Ring your insurance company and ask for legal advice.

Maybe if you go and ask for their insurance details as your insurance company will be claiming for all your numerous ruined electrics they'll stop and think that the consequences will effect them too

Jaxhog · 03/06/2019 11:41

Tell them, and ask them to stop or at least to do it so it doesn't flood your drive and garage. They probably have no idea.

We have a neigbour who used to do this, until we told them they were soaking the fence and our patio. They also had no idea, and are now careful were they spray!

Galaxy88 · 03/06/2019 11:41

It's not your regular pressure water, its larger circular style one that's pushed along the ground rather than held and sprayed. Drain is fine with rain water, had no.issues so far.

OP posts:
Galaxy88 · 03/06/2019 11:42

*pressure washer

OP posts:
FiddlesticksAkimbo · 03/06/2019 12:13

They clean stuff by virtue of the pressure of the water they spray, not the volume of water. The bigger the machine the higher the pressure. But if it's just connected to their outdoor tap it can't produce a greater volume of water (as in litres per minute) than the tap itself will provide.

So, I'd say that either the drain isn't capable of coping with the volume of water which a running tap on full blast will produce (which suggests it's inadequate), the paving slopes the wrong way, or whoever is doing the washing is blasting it against your garage door and forcing water under it that way.
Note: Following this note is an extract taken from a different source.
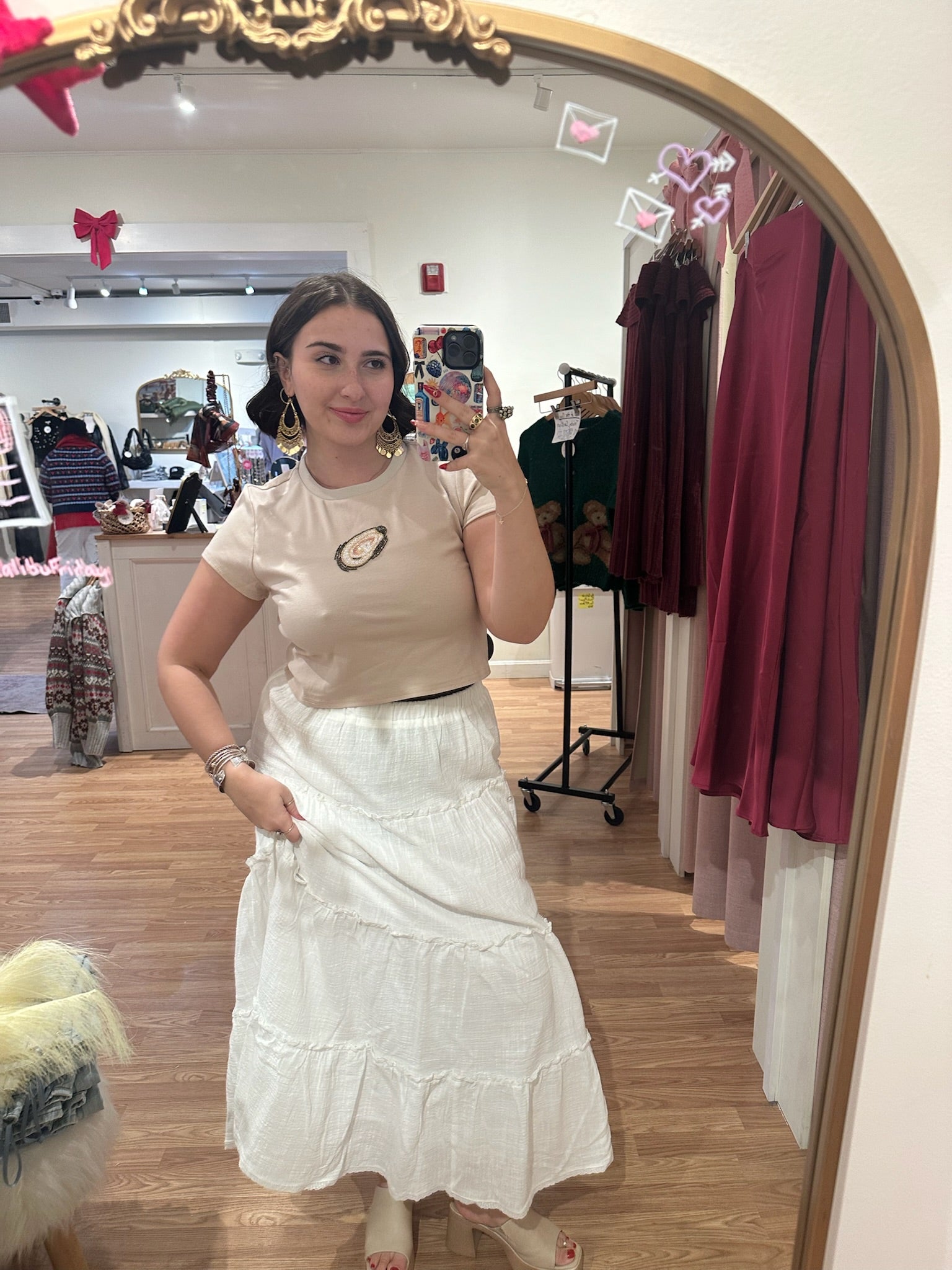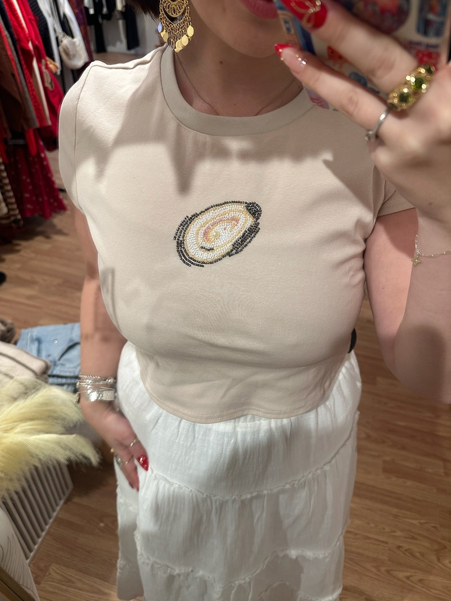 Dive into coastal vibes with this shimmering beaded oyster crop tee. Delicate shell-inspired beadwork catches the light with every move, bringing a touch of seaside sparkle to your everyday look. The cropped silhouette pairs perfectly with high-waisted bottoms for an effortlessly chic ensemble. Whether you're heading to the beach or bringing that breezy energy to the city, this playful piece celebrates the beauty of the ocean in style.

longtimelurkerhelen · 03/06/2019 12:40

www.screwfix.com/p/stormguard-garage-threshold-seal-black-2-5m/37019

This is 2.5 meters wide, is that enough for your garage?

PeoniesarePink · 03/06/2019 12:45

I'd send a solicitors letter to the NDN's, saying that they are damaging your property with their actions and it needs to stop!

OrchidInTheSun · 03/06/2019 12:53

Fiddlesticks that's not true. I live at the top of a hill. If I pressure washed my paving, it would cascade over the wall into my neighbour's garden because it's lower than mine. So I don't use a pressure washer because I'm not an arsehole.

It is the responsibility of the person doing the pressure washing to ensure there's adequate drainage on their property or via public drains. It shouldn't be affecting the OP's property at all

onalongsabbatical · 03/06/2019 13:09

Ring your insurance company and ask for legal advice I suspect that's the best bit of advice on this thread, OP.